Members: Nicole Delpeche-Ellmann, Andrea Giudici, Nadezhda Kudryavtseva, Kevin Ellis Parnell, Katri Pindsoo, Andrus Räämet, Bert Viikmäe, Maris Eelsalu, Rain Männikus

Doctoral students: Fatemeh Najafzadeh, Margus Rätsep

Visiting PhD students: Kuanysh Kussembayeva (al-Farabi Kazakh National Univ.), Aigerim Sakhayeva (al-Farabi Kazakh National Univ.), Ilona Šakurova (Klaipeda Univ.)

**Topics and Competences**

Keywords: wave dynamics, coastal engineering, wave climatology, coastal management, remote sensing

The laboratory (wavelab.ioc.ee) was formed on 01.01.2009 to promote and provide a structure for research in water waves and coastal engineering. The laboratory was a part of the Centre of Excellence in Non-linear Studies in 2009–2016 and now it is one of the core labs of the Department of Cybernetics.

The team focuses on complex and nonlinear phenomena in wave dynamics and coastal engineering, and the applications of mathematical methods in wave studies.

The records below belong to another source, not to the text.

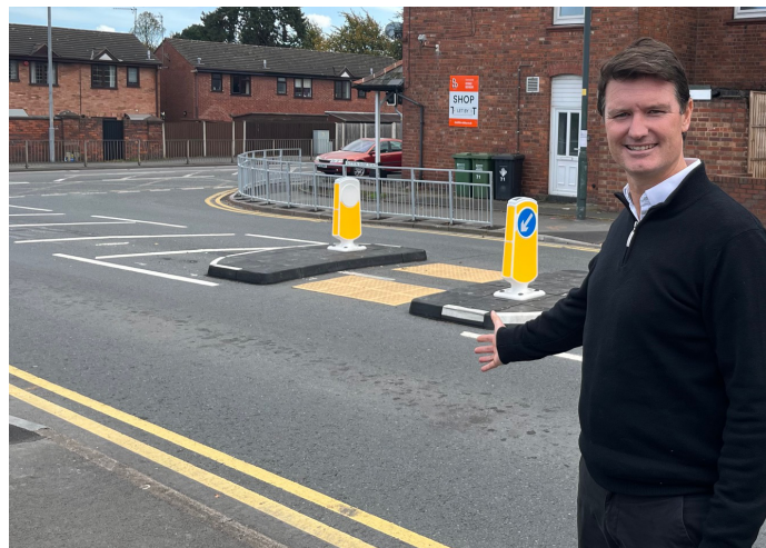
The new wider and safer pedestrian crossing is now installed on Stouport Road

Nathan said, "I am really happy to see the new safety barriers and central refuge crossing finally constructed. Its been a long process but well worth it as these changes have dramatically increased pedestrian safety and I know local residents are delighted with the work."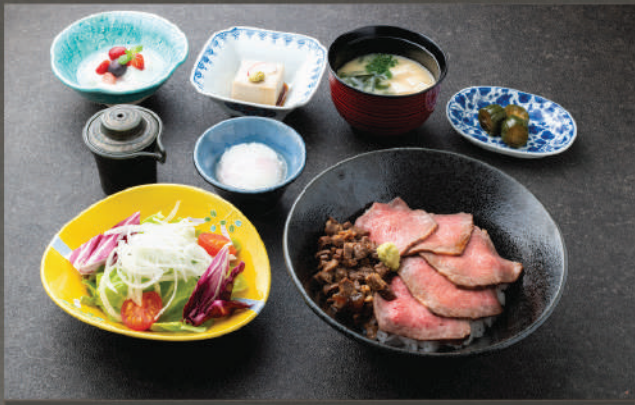
Roast Beef Rice Bowl 250K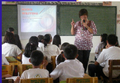
Seminar-Workshop in English Journalism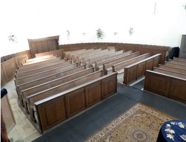
Fig. 8 The Calvinist church of Bikfalva. (2015)

The “Patent of Toleration-type churches” apparently regained a sanctuary or apse in their architecture, which caused some disturbance in the layout of the interior. As seen in the previous Gothic churches, the pulpit is often placed at the triumphal arch or in the traditional place of the altar, in the central axis. The sanctuaries of these churches are mostly vaulted, and although making the interior more diverse, they can be more related to the Roman Catholic church form and interior layout.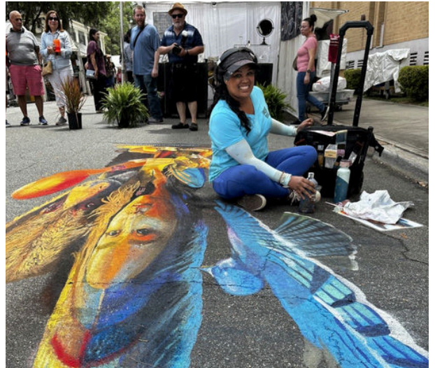
Chalk Art Oasis artwork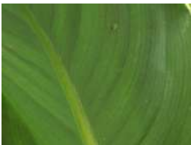
Canna 'King Humbert'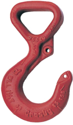
WS-320A SYNTHETIC SLING HOOK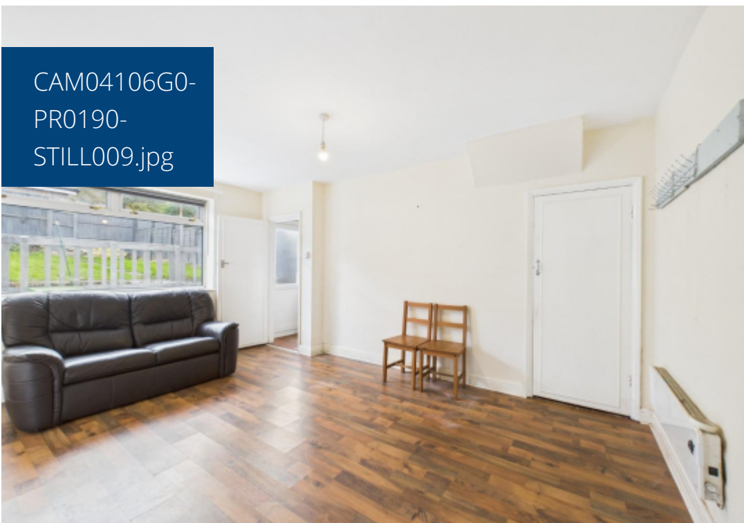
CAM04106G0- PR0190- STILL009.jpg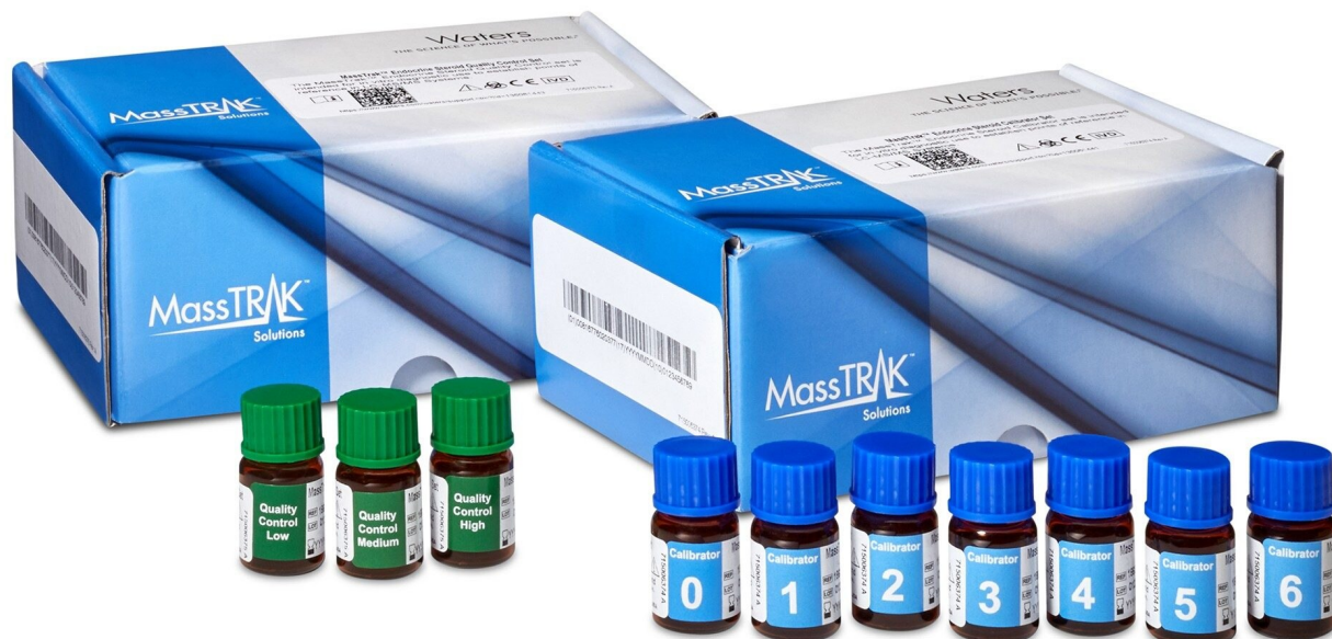
Figure 1. The Waters MassTrak Immunosuppressant Calibrator and Quality Control Sets.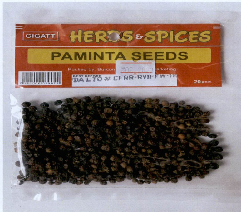
Figure 1. Unregistered GIGATT HERBS & SPICES Paminta Seeds

The Food and Drug Administration (FDA) warns all healthcare professionals and the general public NOT TO PURCHASE AND CONSUME the unregistered food product: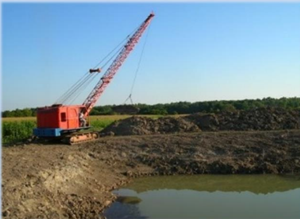
Pictured above is sediment removal to increase water storage for irrigation.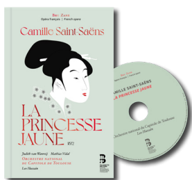
Camille Saint-Saëns La Princesse jaune (1872)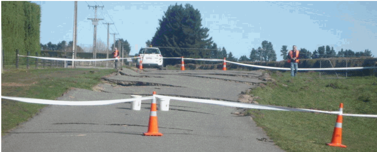
Figure 4 – Effects of fault rupture – previously straight road

The differential movement on either side of the fault is principally horizontal with local areas of vertical movement.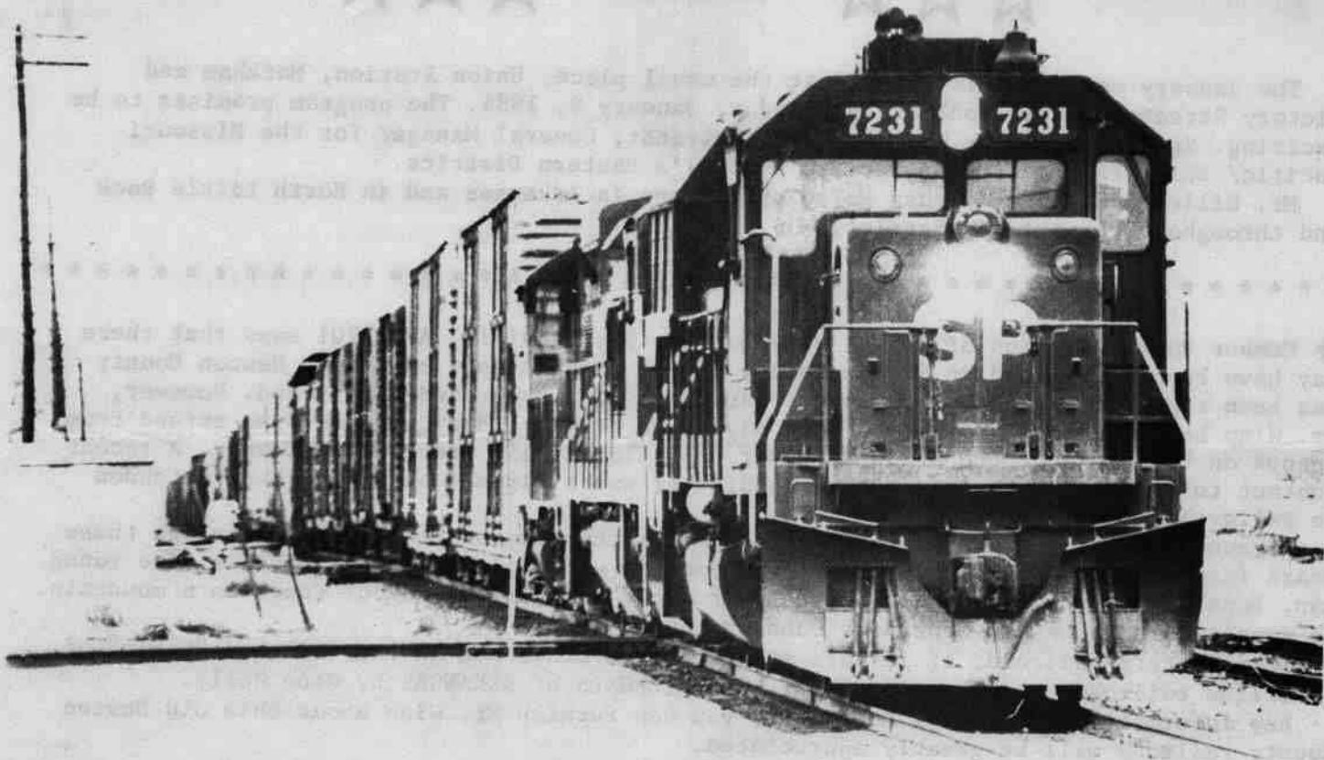
A Southbound Cotton Belt Manifest with an Elephant-Ear'd GP-40X #7231 leading the pack, slams across the Rock Island diamond at Brinkley, Arkansas. A train of Auto Parts follows. This year the ARKANSAS RAILROADER will present a guide to Cotton Belt Trains, along the lines of this year's Guide to MoPac Trains, along with many other features and items of interest.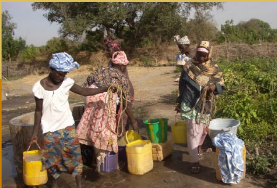
Watering the organic gardens in The Gambia

for access to land and water. Forests for their future.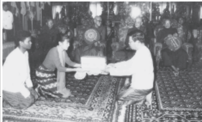
Secretary-1 General Khin Nyunt accepts cash donations from a wellwisher at 52nd Waso robes offering ceremony of Kalewa Tawya Monastery.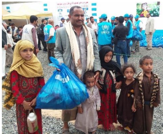
UNHCR started the distribution of clothes for Eid, targeting 450 IDP children and children from vulnerable hosting families.

On 1 August, UNHCR staff distributed Eid clothing and gifts to 450 targeted children in Sa'ada IDP community center, Sa'ada governorate. The recipients were selected from Sa'ada city and Akwan area during previous field assessment visits. An official ceremony was prepared at the IDP community centre attended by the de facto run National Authority for the Management and Coordination of Humanitarian Affairs (NAMCHA), local authority representatives, UNHCR staff, and local media.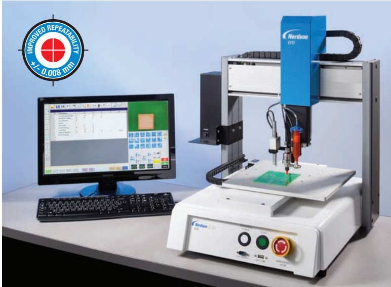
EV Series pencil camera vision makes programming patterns easier.

Easy automation for precise fluid application with simple vision pencil camera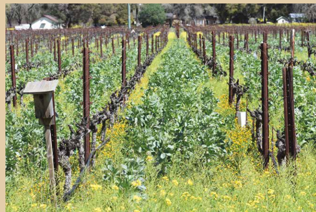
A healthy cover crop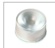
19° Lens (Optional) Variant: 10272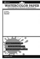
Ranger WATERCOLOR PAPER Inkssentials...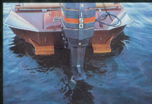
Teak Swim Steps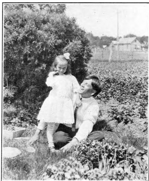
A GOOD HOME SECURED Home for Dependent Children, Lincoln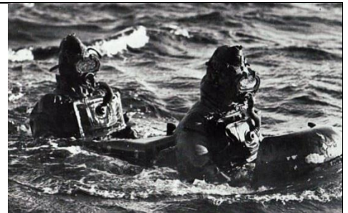
A maiale breaking the surface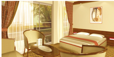
Amadeus Suite Elegant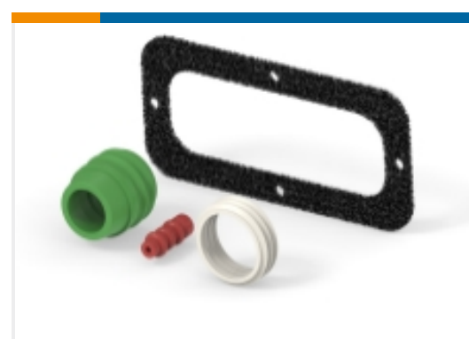
Connector Seals & Cavity Plugs(36)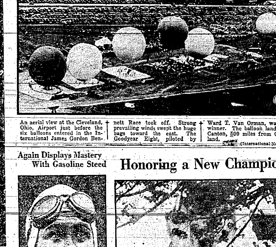
An aerial view of the Cleveland, Ohio, Airport, just before the U. S. balloons entered in the International Race. The balloons were launched at 10:00 a. m. and landed at 1:00 p. m. The race was won by the U. S. balloon, which landed at 1:00 p. m. The race was won by the U. S. balloon, which landed at 1:00 p. m.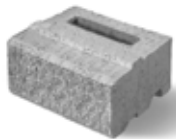
XL UNIT 12 x 16 x 6" 300 x 400 x 150 mm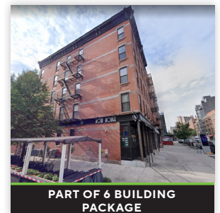
PART OF 6 BUILDING PACKAGE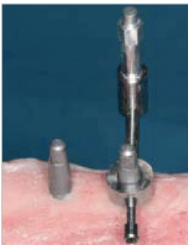
The external fixation device is attached to a one-piece dental implant abutment via the affixing ring and screwed on tightly.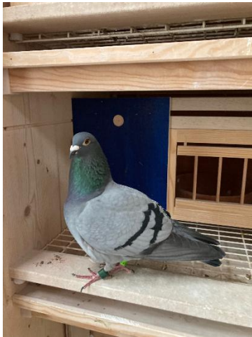
G Treharne & Son's blue hen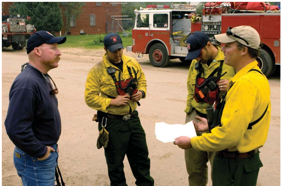
Firefighters talk to a home owner in the wildland urban interface on the Cascade Complex, Idaho, 2007.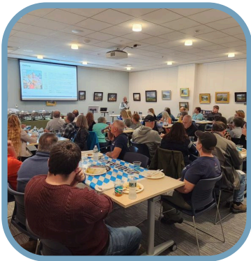
The Johnson Community Room was packed for the Oktoberfest event.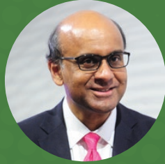
Tharman Shanmugaratnam Senior Minister and Coordinating Minister for Social Policies Government of Singapore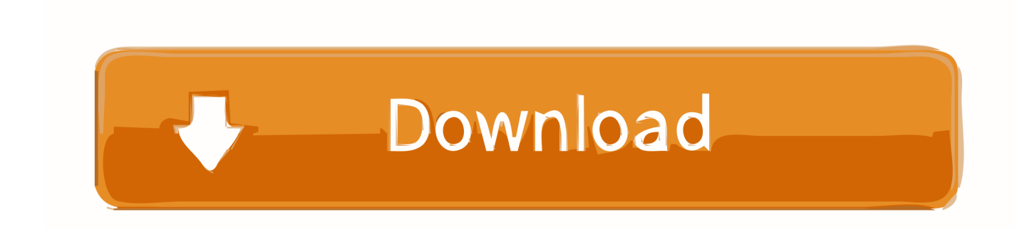
Photo To Sketch Pro 4.0 Crack, Keygen Plus Serial [ Number Or Key ]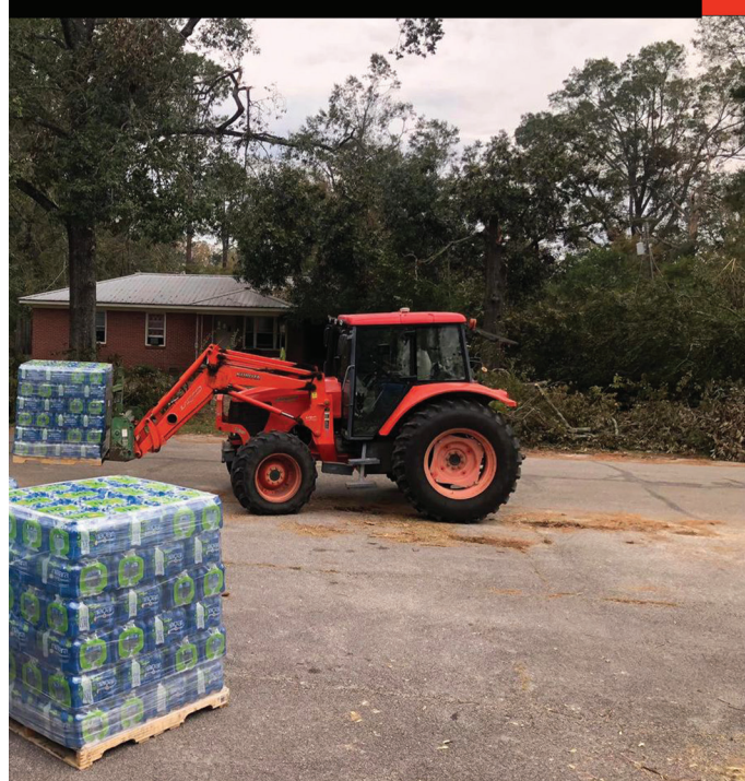
SUMMERTOWN VOLUNTEERS GETTING PREPARED TO HAND OUT WATER

A GREAT BIG 'THANK YOU' TO EVERYONE WHO HAS GONE ABOVE AND BEYOND THROUGH THESE DIFFICULT TIMES! WE ARE TRULY BLESSED TO LIVE IN A COMMUNITY WHERE PEOPLE COME TOGETHER!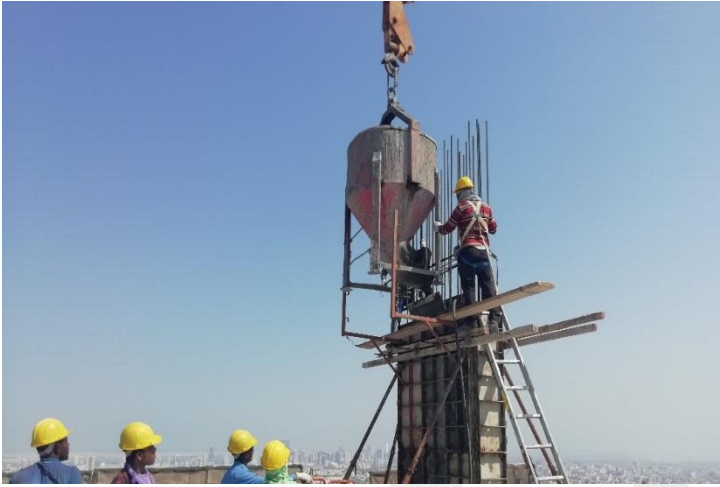
41 st Floor – Concrete Work for Column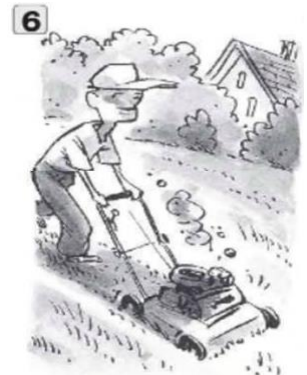
work in the yard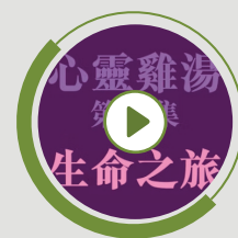
6th episode: 生命之旅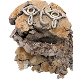
16 Crier (XXIII) / 2022 Unfired clay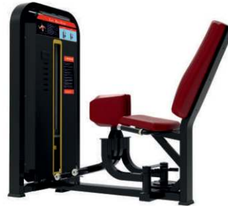
INNER THIGH ADDUCTOR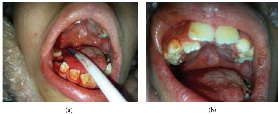
FIGURE 4: Newly decayed teeth were observed and a new treatment plan was established for second session of moderate sedation.

full-consciousness situation [2]. General anesthesia and deep sedation was observed as an effective dental treatment option for these types of patients who have involuntary movements. Also, hear loss and cataract are other rough factors to communicate with the patient.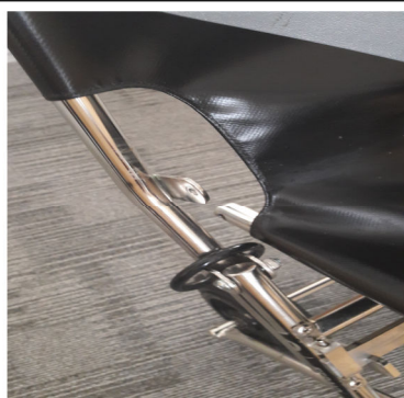
Missing Bolt & Nut

If any bolts are found to be loose or any other defects are noted, please arrange repair and withdraw from service in conjunction with supervisor and line manager. Please complete a defect form and a NIRF03 for any faults discovered.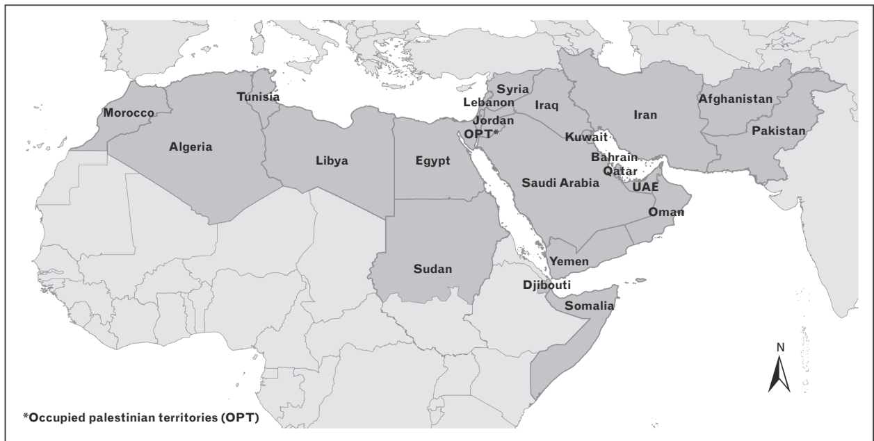
FIGURE 1. Map of the MENA region including the countries that are covered in this review. MENA, Middle East and North Africa. Reproduced with permission from [2].

The most distinctive feature of the epidemic in MENA that manifested itself in the new data is the rising HIV epidemics among key populations including people who inject drugs (PWID), men who have sex with men (MSM), and to a lesser extent female sex workers (FSWs) [8*,9*,10]. The majority of the epidemics appears to be relatively recent with emergence within the last decade. Most epidemics appear to be growing with a trend of increasing HIV prevalence in multiple countries. Table 1 displays HIV prevalence among key populations per the most recent available IBBSS studies;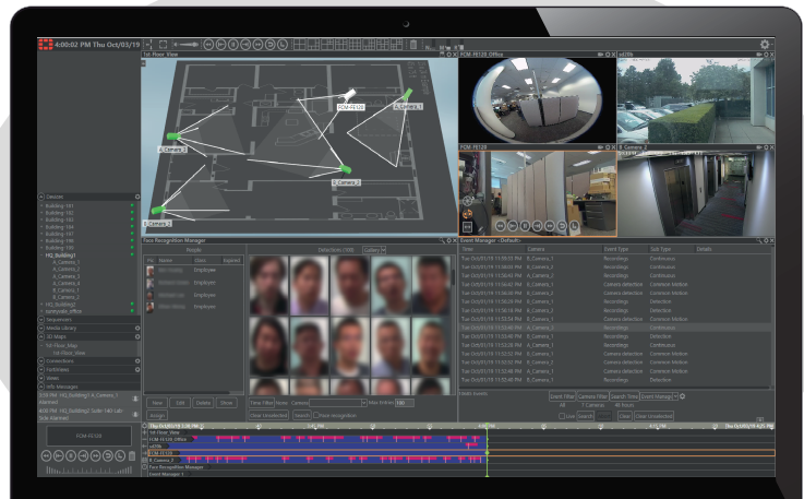
FortiRecorder Central VMS

FortiRecorder-VM is supported on VMware's vSphere Hypervisor, Microsoft Hyper-V, KVM, Citrix XenServer, and Amazon AWS (on-demand).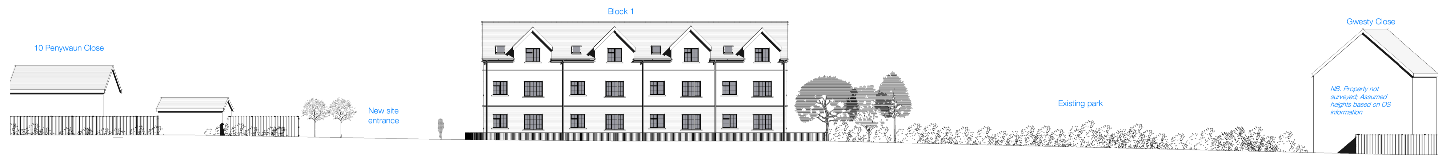
Proposed context elevation 1 : 200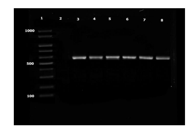
Fig. 1 : Agarose gel electrophoresis of Leishmania isolates. Lane 1, DNA size marker 100 bp; lane 2, negative control; lane3, L. major (positive control 560 bp); lanes 4, 5, 6, 7 and 8, L. major isolates obtained from skin lesions of the patients in Mehran

The Leishmania bodies of the 92 isolates were detected by microscopic observation. The samples were all tested by PCR technique. Electrophoresis of the nested PCR products and comparison of the banding patterns with those of the standard samples showed that the bands of all 92 isolates were 560 bp in length, which is standard for L. major (Fig. 1).

The scope of the research involves long wave theory and applications (with emphasize on fast-ferry waves, shallow-water solitons, set-up and run-up phenomena, tsunami research, etc.), surface wave modelling, wave climate studies, and wave-driven phenomena in coastal engineering, with application to integrated coastal zone management.

Rapidly emerging foci are the use of Lagrangian transport of substances in marine environment, adequate description of wave and water level extremes, and preventive methods for mitigation of marine-induced hazards, and the use of various remote sensing methods for studies of both fundamental questions (e.g. filtering techniques of various signals) and applied problems such as spatio-temporal variations in the properties of waves in small inland seas.

The performed research has established several unexpected properties of internal wave fields in semi-enclosed seas such as the Baltic Sea, the Mediterranean Sea and the Sea of Okhotsk and made it possible to quantify changes in the main properties of surface waves in the Baltic Sea. Studies of the impact of ship wakes in the Venice Lagoon ( Zaggia et al. 2017 *PLoS ONE* ) caused massive reaction in Venice.